Word for word, set down every line of the entries below from the line with "Que lo vivido" to the line with "Пункт управления ТСУ в посёлке Ямбурге", including both, and no other line.

═══ Provided data

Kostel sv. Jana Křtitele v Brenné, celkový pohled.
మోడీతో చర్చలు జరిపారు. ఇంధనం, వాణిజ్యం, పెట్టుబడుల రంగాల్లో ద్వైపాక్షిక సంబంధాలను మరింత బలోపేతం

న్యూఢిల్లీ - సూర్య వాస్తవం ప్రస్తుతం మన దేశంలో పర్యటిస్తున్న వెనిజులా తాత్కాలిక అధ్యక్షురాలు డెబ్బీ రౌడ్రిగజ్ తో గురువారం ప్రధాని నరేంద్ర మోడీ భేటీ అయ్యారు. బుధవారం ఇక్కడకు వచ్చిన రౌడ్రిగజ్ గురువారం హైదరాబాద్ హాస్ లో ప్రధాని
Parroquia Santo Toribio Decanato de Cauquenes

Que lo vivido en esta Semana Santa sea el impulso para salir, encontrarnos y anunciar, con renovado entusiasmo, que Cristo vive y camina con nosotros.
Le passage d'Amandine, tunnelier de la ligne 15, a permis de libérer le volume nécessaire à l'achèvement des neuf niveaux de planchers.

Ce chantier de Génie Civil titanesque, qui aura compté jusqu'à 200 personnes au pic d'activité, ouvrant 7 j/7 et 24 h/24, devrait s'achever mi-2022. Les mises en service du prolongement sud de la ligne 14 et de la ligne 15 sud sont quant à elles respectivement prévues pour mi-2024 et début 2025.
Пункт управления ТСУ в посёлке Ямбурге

══════
═══ Provided data

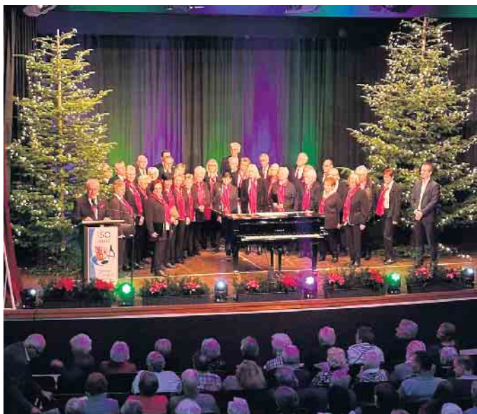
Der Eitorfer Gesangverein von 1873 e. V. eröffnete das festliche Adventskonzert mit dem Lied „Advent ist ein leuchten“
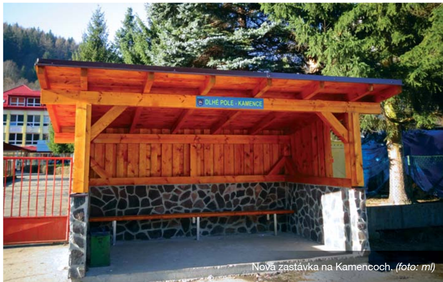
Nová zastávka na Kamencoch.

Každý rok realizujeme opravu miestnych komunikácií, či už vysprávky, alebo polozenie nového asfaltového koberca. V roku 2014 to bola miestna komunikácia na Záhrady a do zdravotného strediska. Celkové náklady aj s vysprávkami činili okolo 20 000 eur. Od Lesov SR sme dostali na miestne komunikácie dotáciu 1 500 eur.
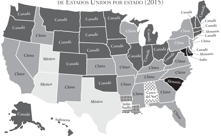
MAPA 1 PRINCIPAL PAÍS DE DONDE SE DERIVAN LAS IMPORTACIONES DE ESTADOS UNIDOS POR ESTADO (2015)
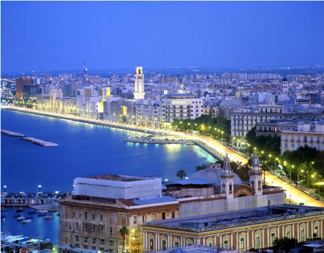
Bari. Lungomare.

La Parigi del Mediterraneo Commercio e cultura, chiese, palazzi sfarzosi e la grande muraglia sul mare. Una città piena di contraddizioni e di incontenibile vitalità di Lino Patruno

══════
═══ Provided data

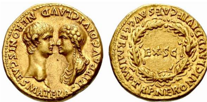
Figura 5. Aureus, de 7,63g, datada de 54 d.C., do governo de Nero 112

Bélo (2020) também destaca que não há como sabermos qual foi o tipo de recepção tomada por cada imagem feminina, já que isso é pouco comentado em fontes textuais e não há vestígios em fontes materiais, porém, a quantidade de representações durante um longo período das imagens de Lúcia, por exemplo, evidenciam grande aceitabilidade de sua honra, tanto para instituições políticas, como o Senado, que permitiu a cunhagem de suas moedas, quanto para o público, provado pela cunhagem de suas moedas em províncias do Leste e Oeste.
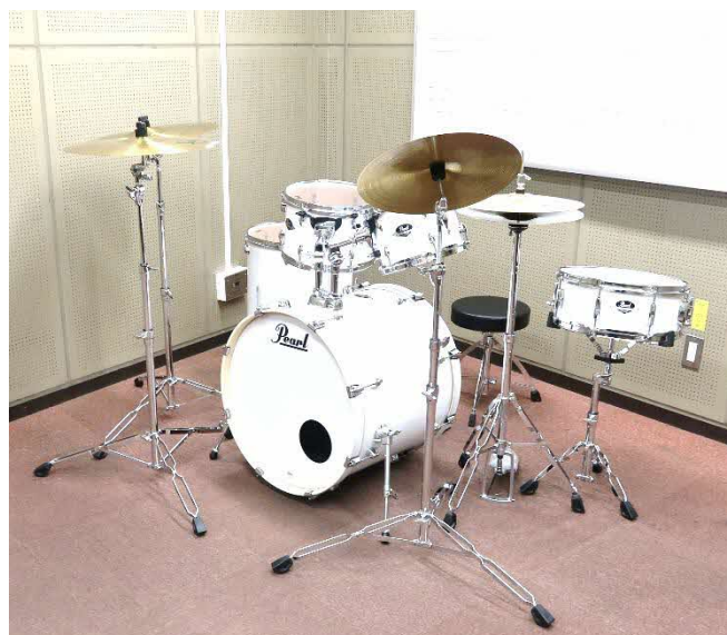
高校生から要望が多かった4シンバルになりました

══════

- Written answer:
Que lo vivido en esta Semana Santa sea el impulso para salir, encontrarnos y anunciar, con renovado entusiasmo, que Cristo vive y camina con nosotros.
Le passage d'Amandine, tunnelier de la ligne 15, a permis de libérer le volume nécessaire à l'achèvement des neuf niveaux de planchers.

Ce chantier de Génie Civil titanesque, qui aura compté jusqu'à 200 personnes au pic d'activité, ouvrant 7 j/7 et 24 h/24, devrait s'achever mi-2022. Les mises en service du prolongement sud de la ligne 14 et de la ligne 15 sud sont quant à elles respectivement prévues pour mi-2024 et début 2025.
Пункт управления ТСУ в посёлке Ямбурге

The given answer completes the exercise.